すると科学の最高責任者のモーホルンがゆっくりと口を開いた。「王様!そして元老達よ!我々チーカ星人が地球に潜入して3000年。地球人どもの生態を調べ、研究する内に何人かの仲間が捕まり、火星人だとか、リトルグレイだとか勝手にあだ名を付けられ、逆に研究された者もおります。しかし、我々の圧倒的な文明と頭脳で地球の政治の中枢に潜入し、後進国くじ引き首脳会談を実現させ、奴らの単純な習性を利用して地球を滅亡に追い込み、アメリカ大統領と密談を交わし、3000万人のモルモット達をこのチーカ星に連れてくる事に成功しました。」するとせっかちな軍事最高責任者のスーローが遮った。「そしたらあんた、よかろうもん?なぁんが不満とね?万事うまいごといっとうたい!そやろも、みんな!みんなはどげん思うね?」、、、、、、ゆっくりとモーホルンが返す。
「それが問題だといってるんだ!3000年を費やして地球人の生態を研究し尽くした結果がこれだ!!各省庁ごと勝手に世界中に飛び散って、勝手にそこに解け込んで、勝手に独自の研究を進めた結果、どうです皆さん!何ですかこの激しい方言は!?それも示し合わせたような日本限定の!!」
全員が一斉に顔を見合わせた。「そねぇおかしいかのぉ?」「そげなことなかですばい!」「まんずいいでないがい?」「ちょっちゅねぇ!」
ゆっくりとモーホルンが続けた。「王様!そして元老達よ!今からこのチップを後頭部に差し込んで下さい。」そう言って1ミリ程の小さなチップを差し出した。「なんならぁそらぁ?」「なんねその小さかとは?」「まんずなんだべさ?」「ハブのうろこじゃないよねぇ?」みなは不思議そうにそのチップを見た。
「これは、全宇宙の言葉を東京弁に翻訳する超小型翻訳チップです。宇宙1の科学力を誇る我々チーカ星人が方言を、それも地球の辺境の日本限定の方言を勝手に喋るなどと、、、こんな恥ずかしいことは今後やめていただきます。」
全員しぶしぶそのチップを後頭部に差し込んだ。「なんで東京弁なんかのう?」「つやぁつけてモーホルンも東京かぶれしとうっちゃないとや?」「いい奴だども、とがいかぶれするどこがたまぬつづってが!」「ハイサァイ!」

会議再開。

「それでは、軍事最高責任者のスーローから今後のスケジュールについて説明してくれ!」王様の広島弁は完全に治っていた。
「はっ、王様!現在のところ洗脳は80%程度完了しております。あと半年もあれば全て完了する予定です。」スーローが答えると政治の最高責任者ノーミが質問した。「スーロー元老!聞くところによるとその洗脳も完全なものではなく、ごく稀に聞かない場合もあるそうじゃないですか?」するとすぐさまスーローが返す。

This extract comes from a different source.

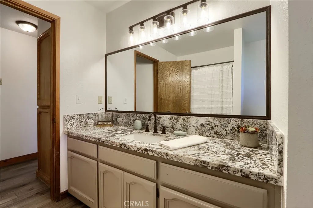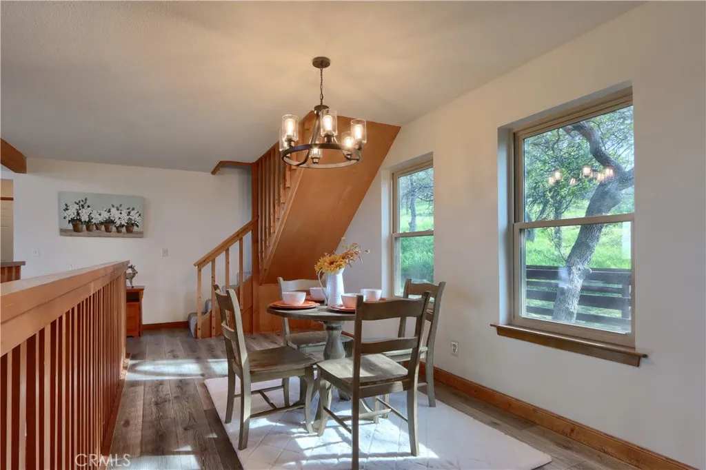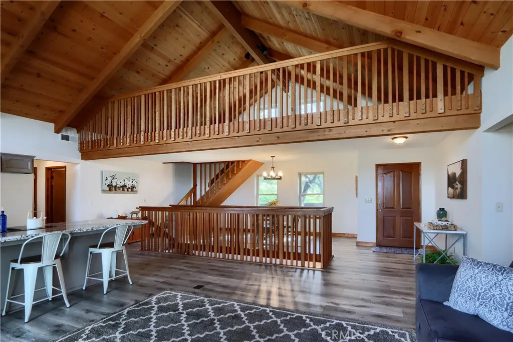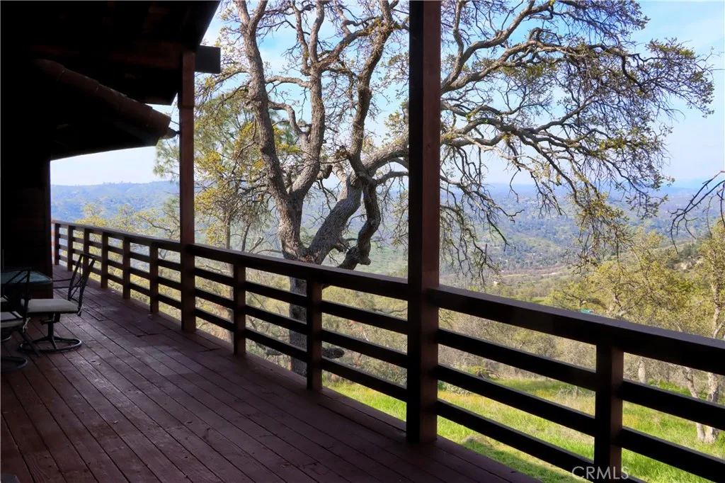 Wake up to breathtaking Sierra Nevada views from this stunning mountain retreat perched on 7.73 private acres, where you can relax, entertain, or unwind on the expansive wrap-around deck while enjoying spectacular sunsets & unforgettable nights under peaceful mountain skies. The property backs up to a 300-acre recreational reserve, offering exceptional privacy.This stunning lodge-style home offers the perfect blend of privacy, nature, and community amenities, and is conveniently located close to Yosemite and several local lakes for summer boating & recreation. With 2,975+/- sq ft of living space, this spacious 4-bedroom, 3-bath home plus loft features an open floor plan designed to capture natural light and panoramic mountain views. The expansive wrap-around covered deck is ideal for entertaining, sunset watching, or simply relaxing while overlooking the Sierra Mountain Range.Inside, the home has been beautifully refreshed with new luxury laminate wood-style flooring, new carpet, updated lighting fixtures, and modernized bathrooms, including double sinks in the main guest bathroom. The kitchen features granite countertops, custom cabinetry, a walk-in pantry, bar seating, and a new downdraft cooktop, all open to the main living area and deck through a convenient pass-through window perfect for indoor/outdoor entertaining.The vaulted ceilings & large picture windows in the living room create a bright and welcoming space. The loft overlooks the main living area and offers additional space for an office, reading nook, or game room.The spacious primary suite includes new tile fl

「ノーミ元老!さすがですな。その通り、この洗脳方式では人体への副作用が無い反面、ごく稀に洗脳できないタイプの人間も出てきます。しかし心配後無用。そんな奴らは殺して動物の餌にしちゃいますから。ハッハッハッハッ。」スーローが高笑いをして続けた。
「そして完全に洗脳が終わると男達は訓練をして宇宙最強の肉弾戦部隊を作り上げます。なにせ我々銀河系の高等生命体は頭は良いのですが、力がからっきしでして。その点、あの下等な地球人どもは頭はアンポンタンですが体は強く、鍛えれば更に強くなるという特性を持っております。これで万が一、我がチーカ星に異星人が侵攻してきてもあのアンポンタンどもで作った軍隊で一掃できるというものです。カッカッカッカッ。」スーローがパターンを変えて高笑いをした。
「そうか、さすがスーロー元老!抜かりはないようじゃな。」王様は満足げであった。次に政治の最高責任者ノーミが口を開いた。「王様!あの大統領を初めとする地球の政治家や金持ちどもはいかがいたしましょう?」すると王様は「えっ?あれ何かするの?あれどうなってるの?」ととぼけた。すかさずノーミが続けた。「当初の王様と地球人の大統領の密約では、①大統領が勝手に選んだ3000万人の内、大統領の息のかかった1000人は洗脳しない。②洗脳が完了したらこの地球人専用居住区のコロニーに大統領を国家元首とした地球人自治による国家を建設する。③地球人のギャル達は全て大統領の所有物とする。この3つを条件に地球人の男どもを我々の軍隊として提供するというものでした。」
「あっ!そうかそうか!そんなこと言っとったなぁ。それでどうするんじゃ?」王様はすっとぼけた。
「地球人どもが我がチーカ星に移住して1年が経ちます。チンキー大統領もそろそろ自治政府の事を聞いてきます。まだ洗脳が完全ではないので、今しばらく待ってもらっていますが、そろそろ具体的に国家建設の話を進める時期かと思います。」ノーミがそう言うと王様が突然!!「1000人まとめて殺せばいいじゃん!ねぇみんなぁ!」チーカ星人に表情は無いが、多分かなり悪い顔で言い放った。
静まり返った室内で地球人大虐殺計画が始まろうとしていたのである。